CxHy + (O2+2.76N2)~ A*CO2 + B*H20 + N2 +(NOx + CO + MISC)
This is from memory it may not be 100% correct but it will surfice. Basically the power comes from splitting the carbon and hydrogen. All fuels must do this, so greenhouse emissions per HP produced is the practically the same +/- 20%.
Second, the assumption that since the crop absorbs CO2 that we do not have to count the CO2 emissions is bad, no horrible math! If you disagree answer these questions. If I burn off my field this fall, do I emit more green house gasses than if I just let it die out? Due wood burning stoves produce greenhouse gasses even if you plant a new tree? Of coarse burning it produces more greenhouse gasses. Technically if we use this logic and slowed our consuption gasoline would not be producing any carbon emissions since oil is being generated. So, unless you are cultivating a desert, the equation must read like this. Carbon burned by the car +carbon to produce ethonal-Carbon obsorbed by the plant - carbon absorbed by natural vegitation.
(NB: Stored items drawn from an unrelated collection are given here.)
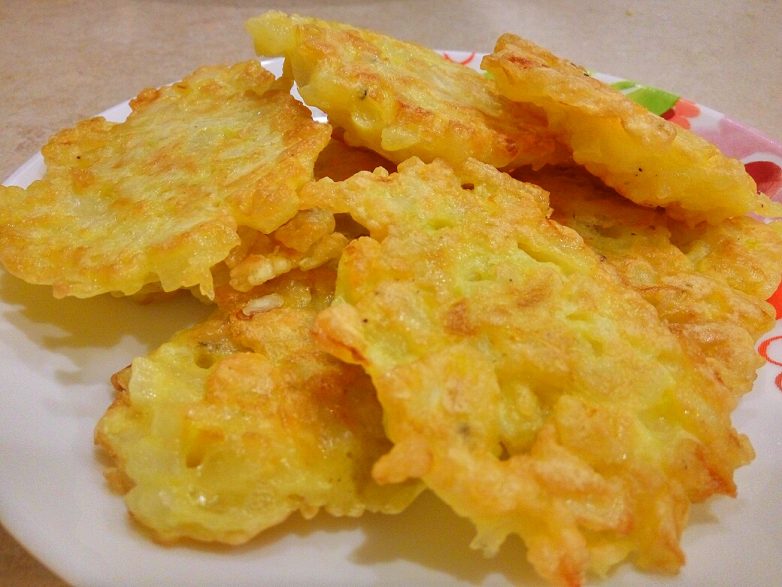 4.Выкладывайте по 1 столовой ложке лукового теста на сковороду и жарьте с двух сторон до золотистого цвета.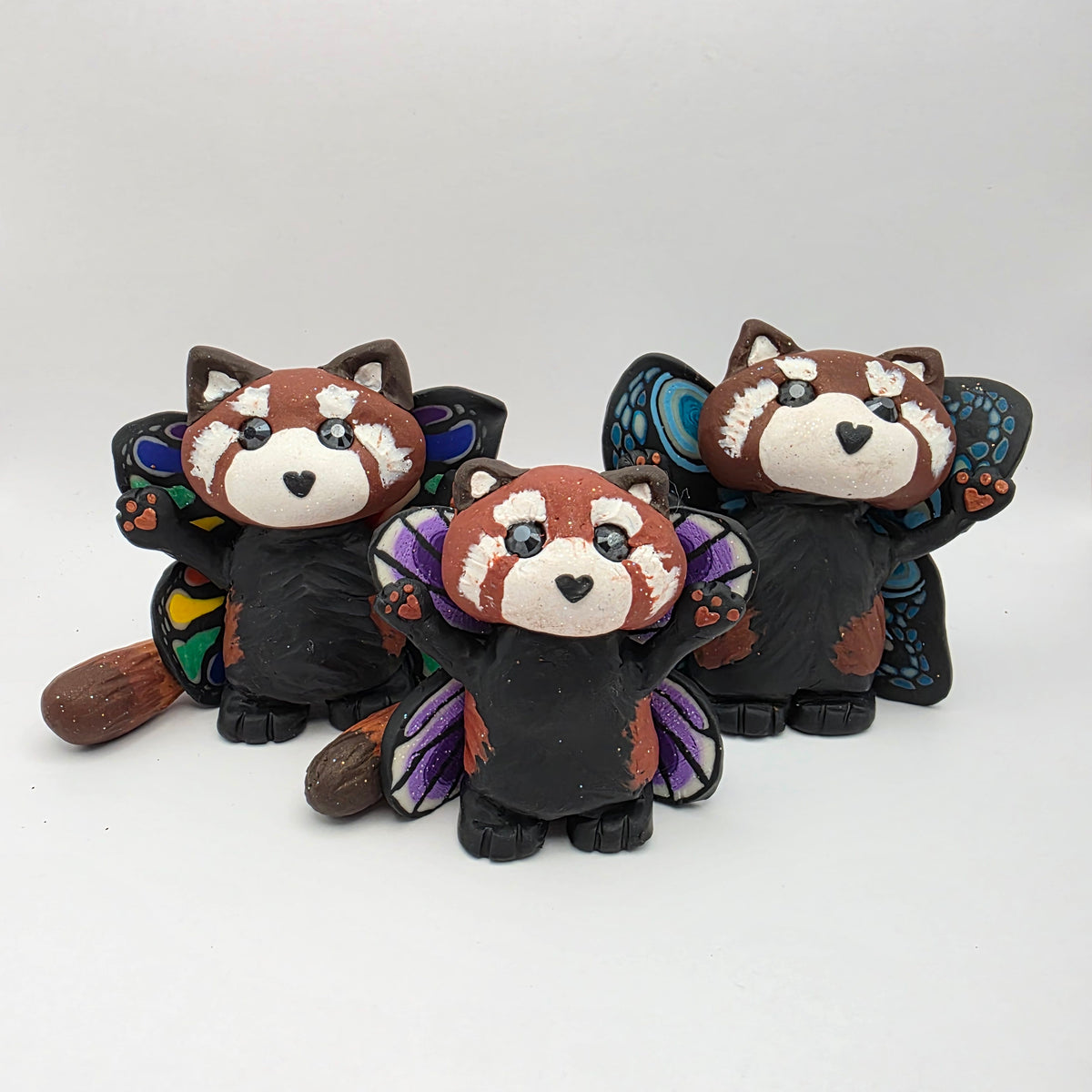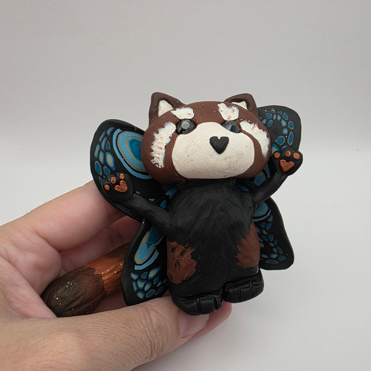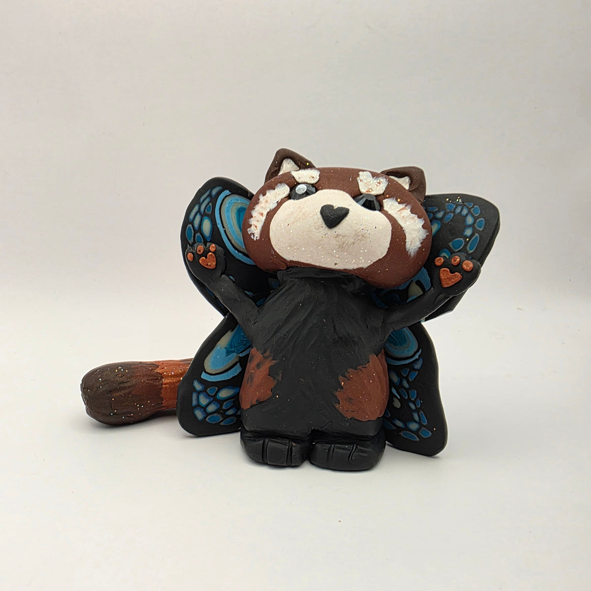 Meet Dizzy the red panda fairy! Dizzy has a heart shaped nose, sparkly eyes, and glowing butterfly-style wings. Their arms are held in the air showing off their heart paw pads, ready to come in for a hug, or perhaps an attack - no way to know which!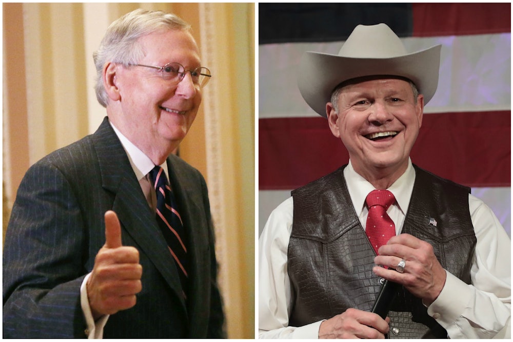 Speaking of which: Tax cuts are the very reason that Republicans leaders in Congress have adopted the “if true” response to the allegations against Moore. If the party loses the Alabama seat, which until recently was held by Attorney General Jeff Sessions, then the margin of error for their tax overhaul is reduced to just one vote. That’s why McConnell and others, in their initially qualified remarks, are effectively handing over decision-making power to Roy Moore. As Ryan Lizza noted in The New Yorker, “[A]lthough McConnell’s statement appears relatively strong on its face, his ‘if it is true’ caveat actually offers Moore a loophole to stay the course.”
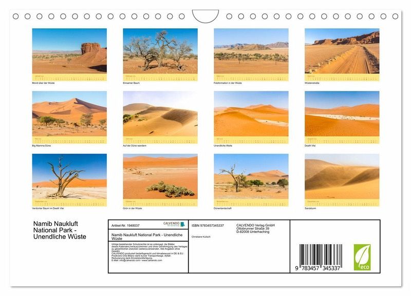 QUALITÄT - Hochwertiger Fotokalender mit 12 wunderschönen Motiven auf lichtbeständigem Bilderdruckpapier, robuste Spiralbindung mit Aufhängebügel.NACHHALTIG - deutliche Abfallreduzierung durch bedarfsgerechte Einzelstückfertigung, umweltfreundliches FSC-zertifiziertes Papier, Produktion in Deutschland, klimabewusste Logistik.PERFEKTES GESCHENK - Kalender für Freunde und Familie, für Kinder und Erwachsene, jung und alt, zu Weihnachten, Geburtstag oder zwischendurch.VIELFALT - Bildkalender in verschiedenen Formaten, z.B. DIN A5, DIN A4, DIN A3 sowie DIN A2. Ob Naturmotiv, Gemälde oder Fotos, ideal für ein persönliches Wohlfühlambiente.Faszinierende Wüstenwelt Namibias von Autor(in): Christiane Kulisch
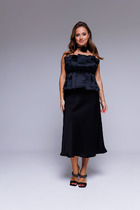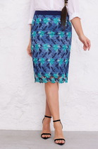 Модель прямого силуэта. Спереди карманы в подрезных бочках и застёжка на молнию и пуговицы. Сзади наклонные кокетки и фигурные накладные карманы. В средних швах переда и спинки обработаы шлицы. Спереди шлица застёгивается на пуговицы. Пояс притачной, со шлёвками. Юбка декорирована отделочными строчками. Ремень в комплект не входит.
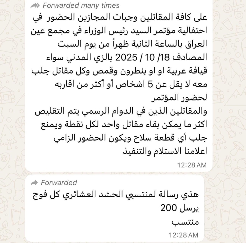 واطلع تلفزيون "الديرة" على نص الرسالة المتداولة، التي لم يتم التثبت من صحتها، والتي جاء فيها، "على كافة المقاتلين وجبات المجازين الحضور في احتفالية مؤتمر السيد رئيس الوزراء في مجمع عين العراق بالساعة الثانية ظهراً من يوم السبت المصادف /10/18 / 2025 بالزي المدني سواء قيافة عربية او بنطرون وقمص وكل مقاتل جلب معه لا يقل عن 5 أشخاص أو أكثر من اقاربه لحضور المؤتمر".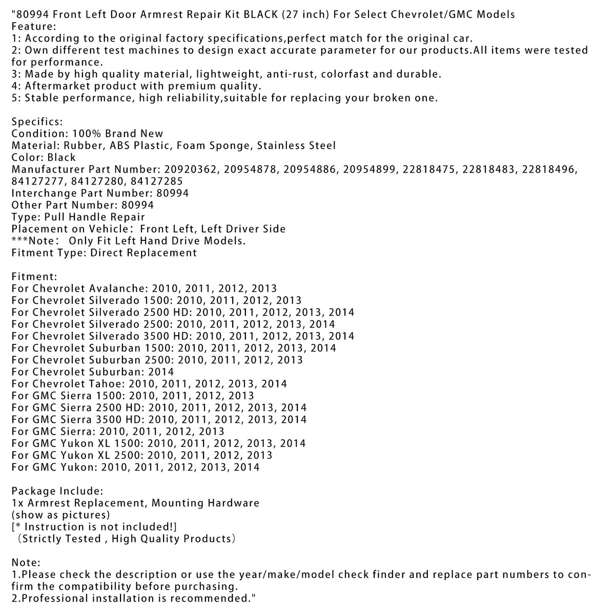 80994 Reparatursatz für Armlehne vorne links, SCHWARZ (27 Zoll) Für ausgew?hlte Chevrolet/GMC-Modelle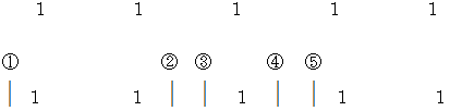 上のように仕切り棒が置かれたとき、 ボールの配分は次のようになります。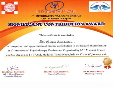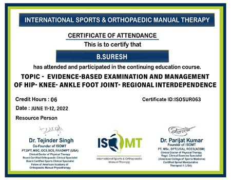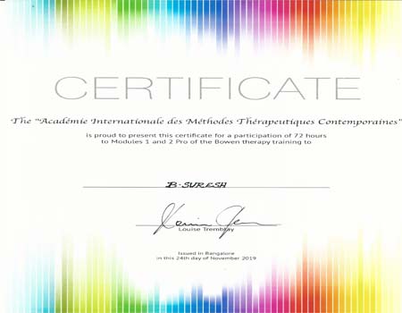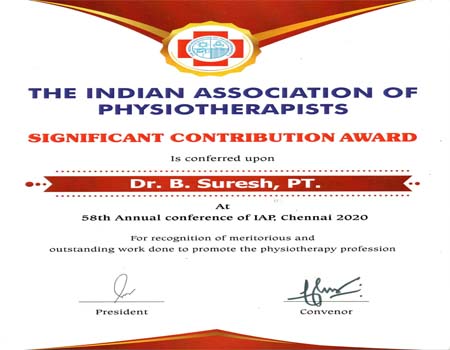 Dr. B. Suresh (P. T.) M. P. T. (Advanced PT in NEURO) is an alumni of KMCH Allied Health Sciences College (Under The Tamil Nadu Dr. M. G. R. Medical University). He was the Topper in advanced PT in NEUROLOGY. He is a specialist in Manual therapy with 25 years of professional experience for Treating and Curing Dysfunctions without medicines and surgery which otherwise would have needed surgery.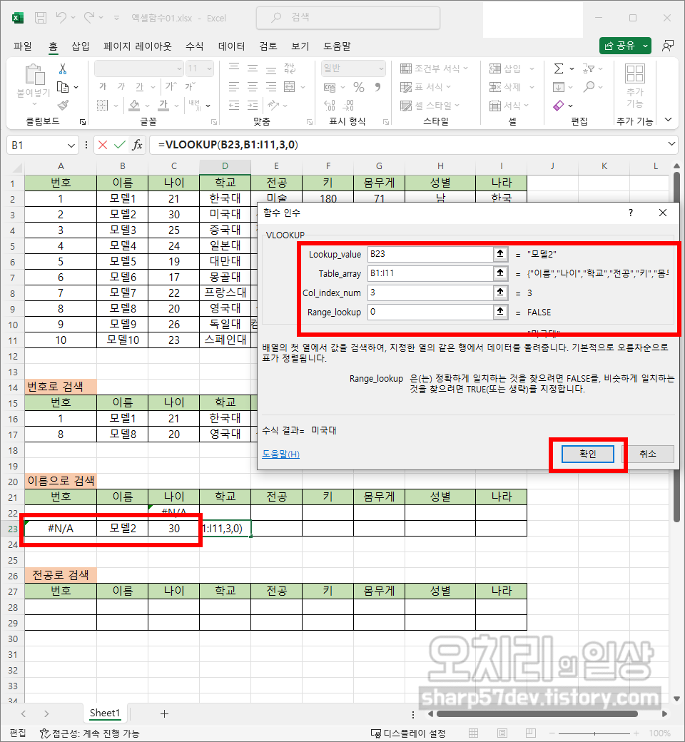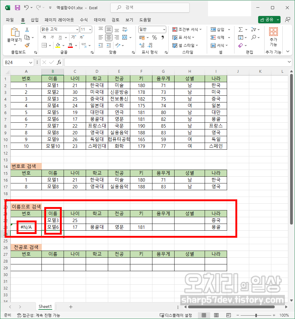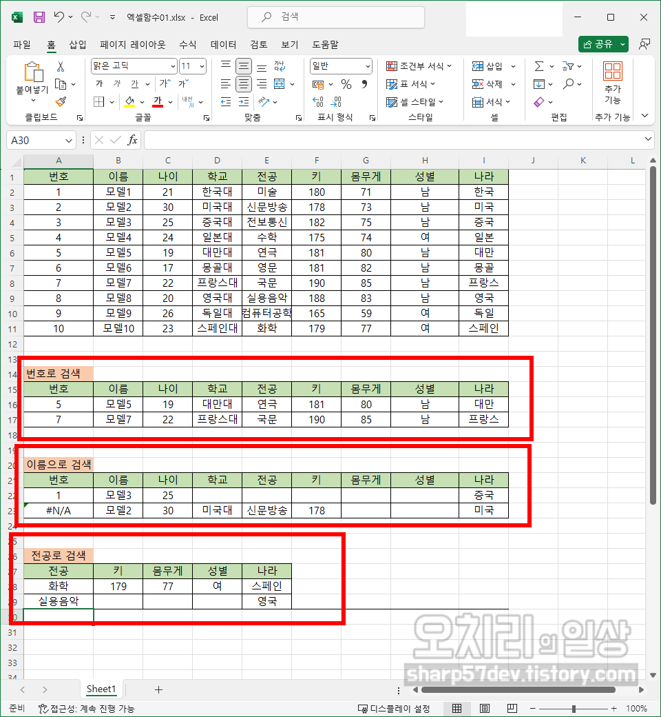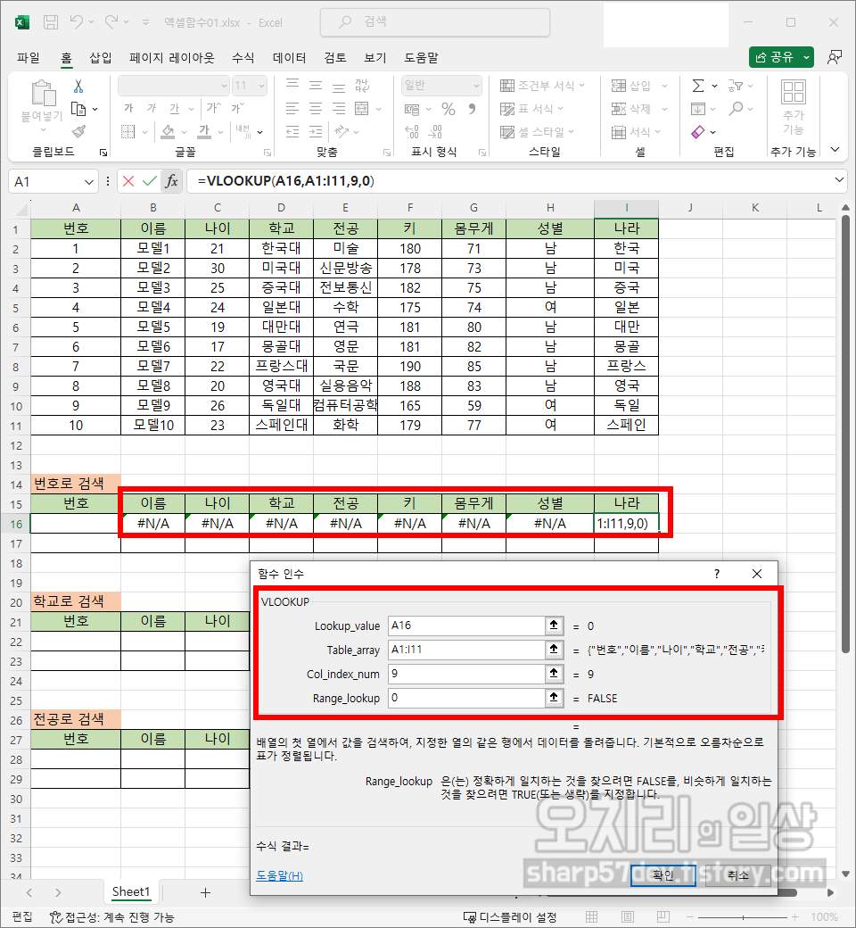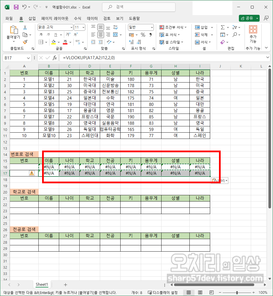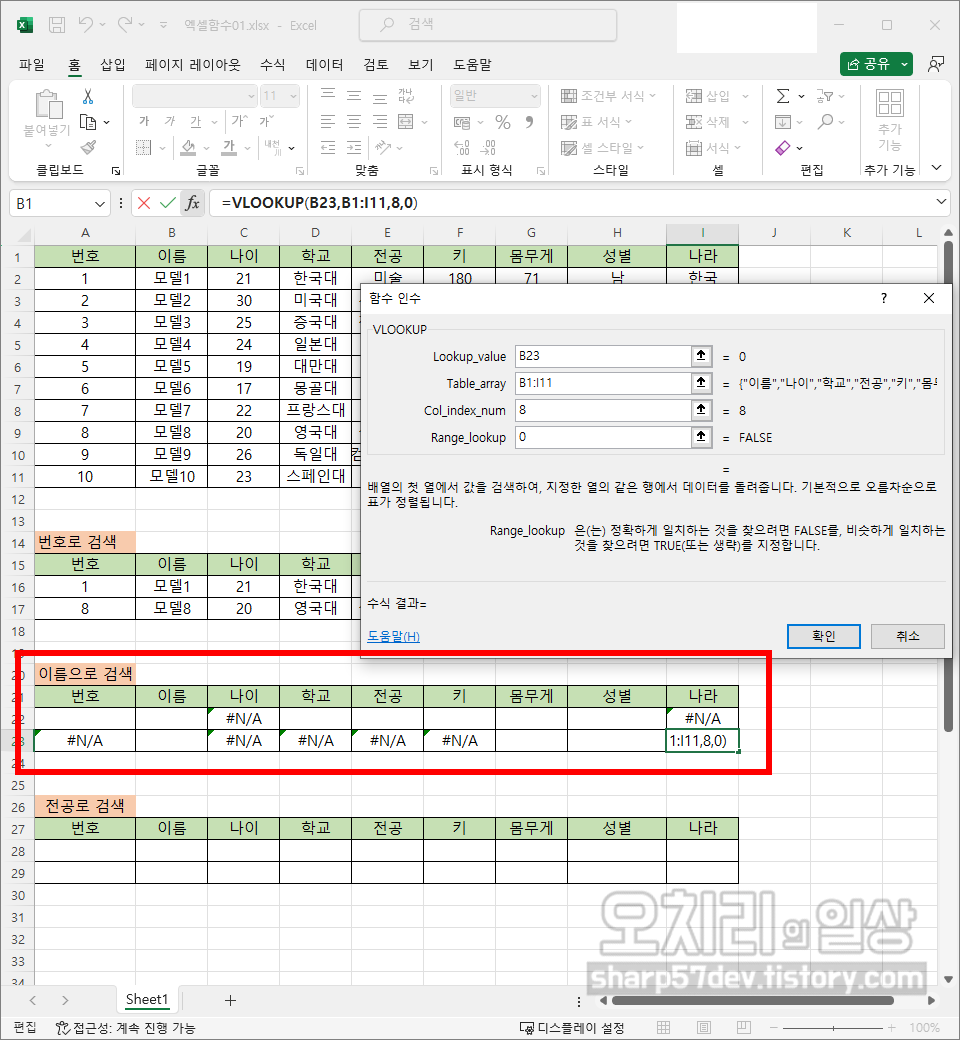그럼 위와 같은 방식으로 이름/나이/학교/전공/키/몸무게/성별/나라칸에도 'VLOOKUP'함수를 사용하여 해당하는 값들을 입력합니다. 여기서의 '키워드'인 '번호'를 입력하기 전까지는 모두 '#N/A'로 표시됩니다.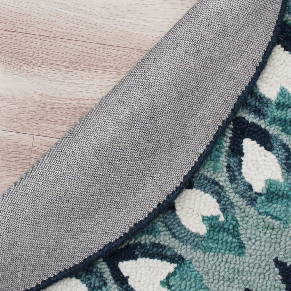 Flaunting an eye-catching design in a soothing color palette, this Round Blue and White Floral Feathers Area Rug is a piece of art on its own. The beautiful floral feathers in shades of blues transitioning from deep hues to the lighter ones look harmonizing while the hints of white add to visual contrast. This rug is Construction: 100% wool for added softness and durability, allowing it to last a long time and provide a cozy and inviting underfoot. The medium pile texture adds texture to the surface, making it an excellent accent for low to moderate traffic areas indoors. Induce a calm and relaxing ambiance into your place with this stunning area rug that is meant to spruce up any modern or traditional living space. 48”

Finally it takes 2 gallons of ethonal to produce 3 gallons. Lets assume corn absorbs 20% more carbon than natural vegitation, and ethonal produces 20% less greenhouse gasses than gasoline. Now lets do the calculation.
.8 Carbon Gas + .8*2/3 Carbon Gas=1.336 Carbon Gas
1.336*.8Carbon Gas will equal 1.07 Carbon Gas<1 so ethonal is worse.
One more assuming everything is equal.
1.67 Carbon Gas. I believe the best ethonal can do is equal the greenhouse emissions of gas.
I have been involved in agriculture for over 40 years, and ethanol from grains is not and never will be a viable source of power. Ethanol has 66% of the energy of Gasoline. I also believe that any industry that needs a government subsidy is not a real industry. We have subsidized agriculture for 60 years and it is time to stop all subsidites including those to banks, auto industry and agriculture.